Mesmerized by majestic boulders adjacent to the eighteenth hole of the miniature golf course, my hands frozen from scooping rainbow sherbet with chocolate sprinkles into dozens of chilled bowls, old ladies licking their lips, labyrinthine wrinkles telling the tales of what we will all become, should we live long enough; listen to them breathe, their bald heads from chemotherapy hidden with fancy wigs that make them look ten years younger and adorned in diamonds and gold with stomachs shrunken from their bandages like mummified pharaohs a moment before entombment.
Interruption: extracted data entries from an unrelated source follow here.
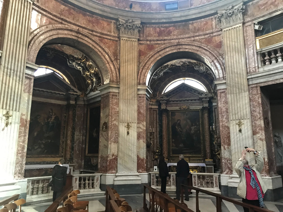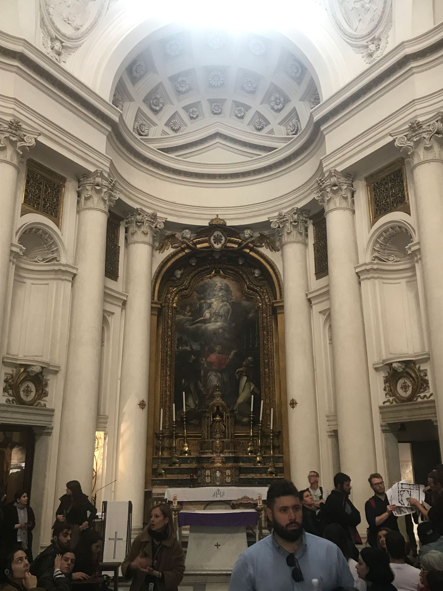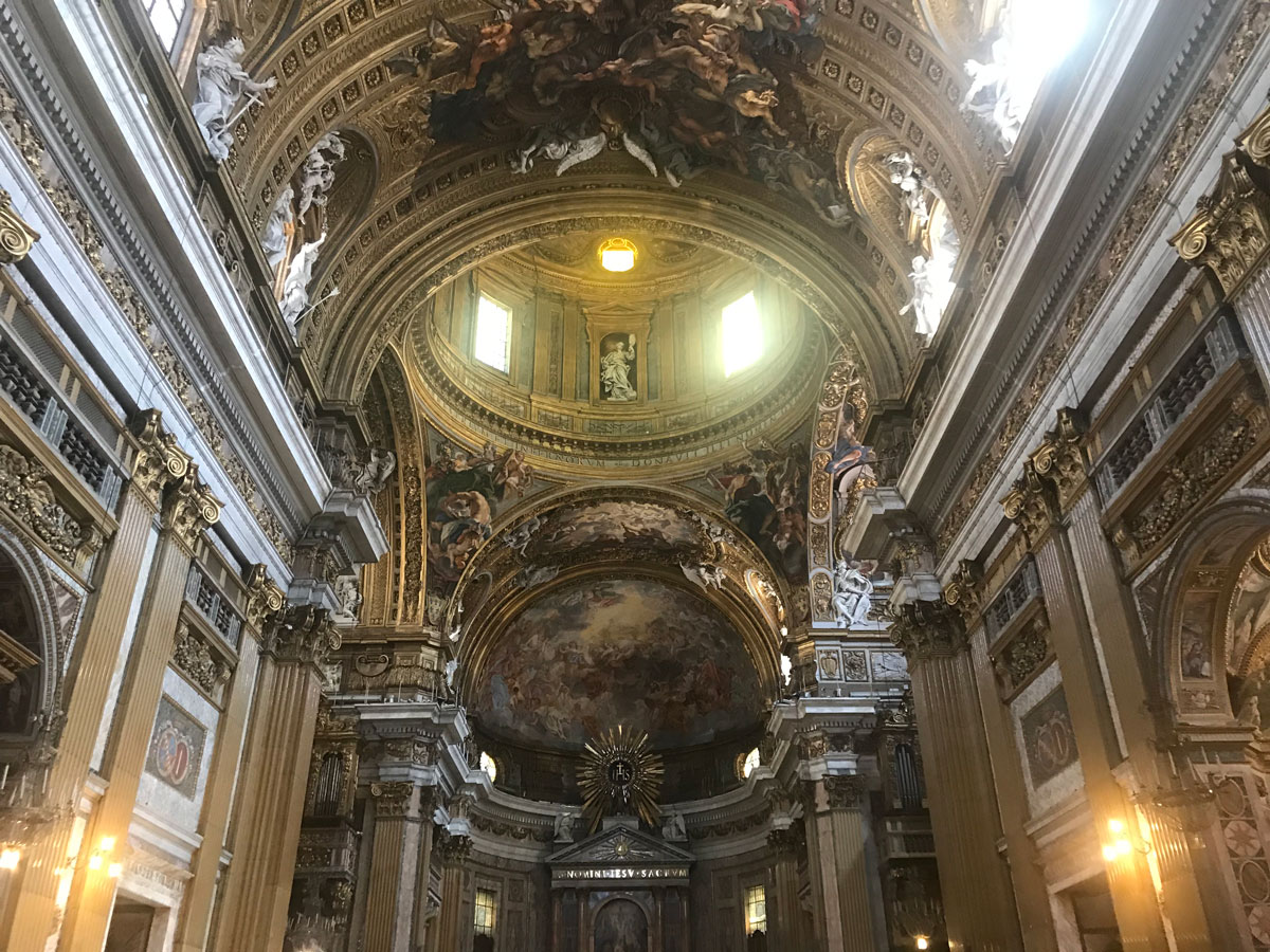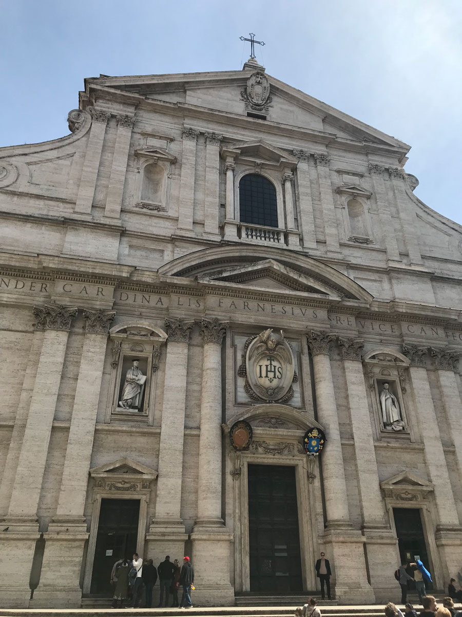 De laatste kerk die tijdens het ochtenddeel van de wandeling bezocht is, is de Chiesa del Gesu kerk. Deze kerk is eind 16de eeuw gebouwd in opdracht van kardinaal Alessandroo Farnese. De kerk is sinds ze in 1584 is ingewijd de belangrijkste kerk van de Jezuïeten in Rome.
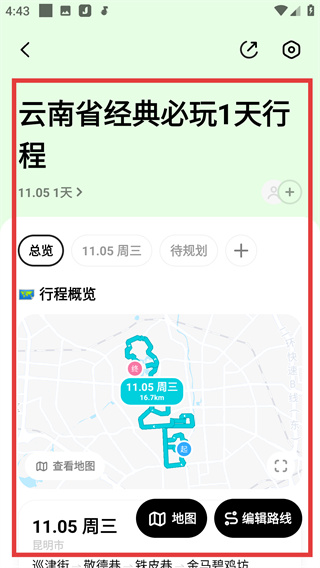 4、系統(tǒng)生成后,可查看如【云南省經(jīng)典必玩1天行】的行程詳情,可進一步編輯路線或查看地圖。
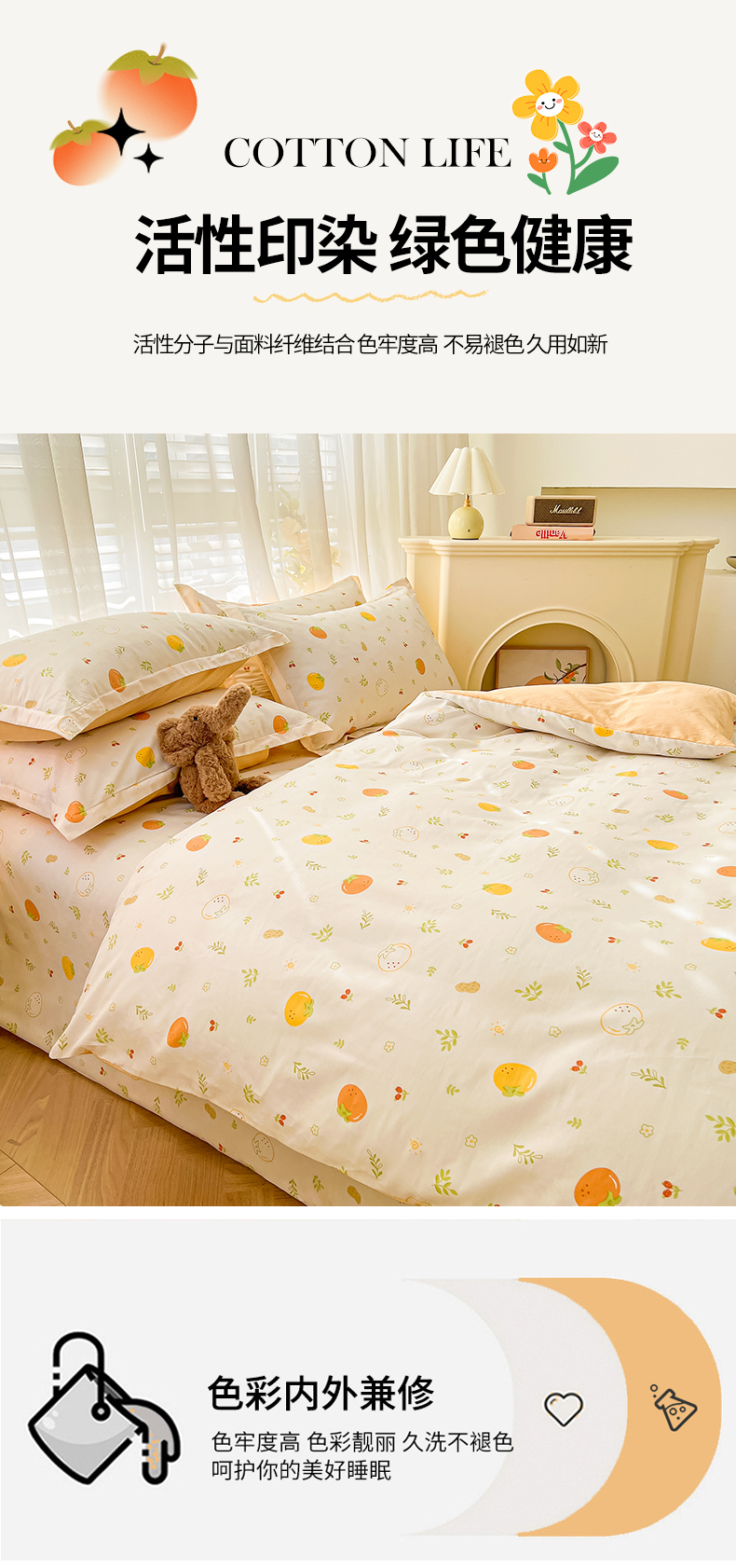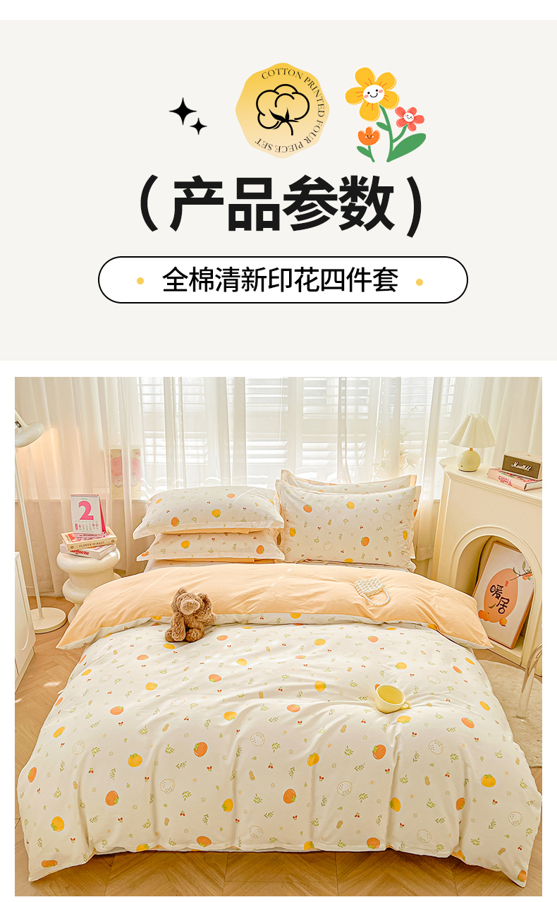 当前位置: 91家纺网 > 商品网购 > 床品套件 > 四件套 > 全棉普通四件套 > 珂博家纺 2026新款小碎花纯棉12868四件套全棉学生三件套场景二 好柿发生

The banjo whispers eulogies through the overhead speakers and the tangerine sunset creeps through the silk curtains and dances on the carpet for a minute or two before kissing hand-painted murals of Indians and stagecoaches.

My thumb is aching and the joint grows numb as they thank me. Soon, those shiny spoons I spent an hour polishing are clanging against their empty bowls, aiming at frosted magic that makes them ageless, as if casting a spell on appetites unquenched by baby duck smothered with garlic spinach, asparagus, and rack of lamb with mint jelly.

I thought getting busted selling hydroponic marijuana through the drive-through of the Jack-in-the-Box was going to be the downfall of my fledgling working life, but that is nothing compared to this place. There were two heart attacks and a stroke my first month in the dining room. After handing me my aprons in his crummy office, Carlyle, the manager, explained how the place was haunted and we should expect to see ghosts in the kitchen.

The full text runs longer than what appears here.